━━━ SUPPLIED DATA

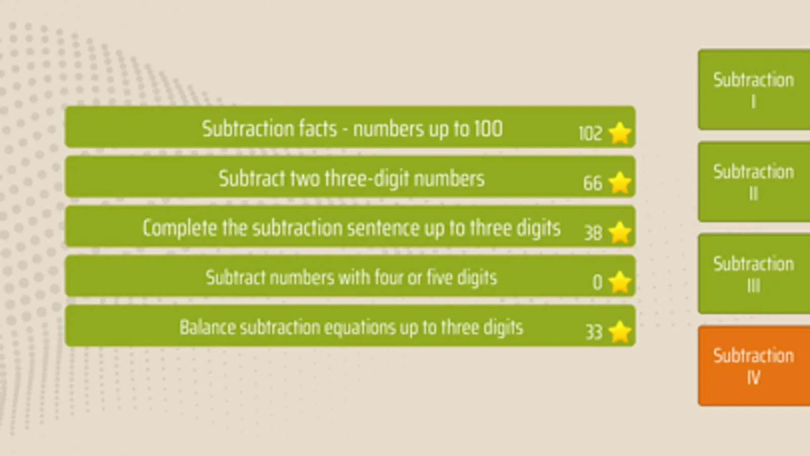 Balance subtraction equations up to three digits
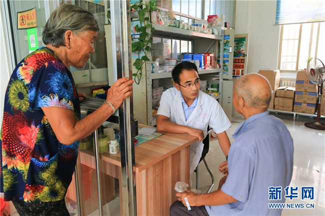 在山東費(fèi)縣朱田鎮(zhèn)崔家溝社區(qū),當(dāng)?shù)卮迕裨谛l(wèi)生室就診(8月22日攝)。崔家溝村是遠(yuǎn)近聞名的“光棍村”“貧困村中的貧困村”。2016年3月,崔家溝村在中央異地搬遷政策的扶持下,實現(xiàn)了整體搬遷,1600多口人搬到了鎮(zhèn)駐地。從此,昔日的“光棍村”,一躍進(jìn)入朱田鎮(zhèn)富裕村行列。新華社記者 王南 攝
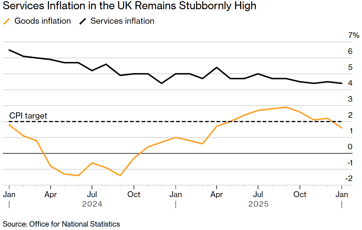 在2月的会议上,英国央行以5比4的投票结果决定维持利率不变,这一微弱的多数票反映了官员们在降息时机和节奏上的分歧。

━━━━━━

WORK INSTRUCTIONS =>
Quote everything in the listing above exactly; pictures are the only thing to omit.

REPLY TO THE EXERCISE =>
 Balance subtraction equations up to three digits
 在山東費(fèi)縣朱田鎮(zhèn)崔家溝社區(qū),當(dāng)?shù)卮迕裨谛l(wèi)生室就診(8月22日攝)。崔家溝村是遠(yuǎn)近聞名的“光棍村”“貧困村中的貧困村”。2016年3月,崔家溝村在中央異地搬遷政策的扶持下,實現(xiàn)了整體搬遷,1600多口人搬到了鎮(zhèn)駐地。從此,昔日的“光棍村”,一躍進(jìn)入朱田鎮(zhèn)富裕村行列。新華社記者 王南 攝
 在2月的会议上,英国央行以5比4的投票结果决定维持利率不变,这一微弱的多数票反映了官员们在降息时机和节奏上的分歧。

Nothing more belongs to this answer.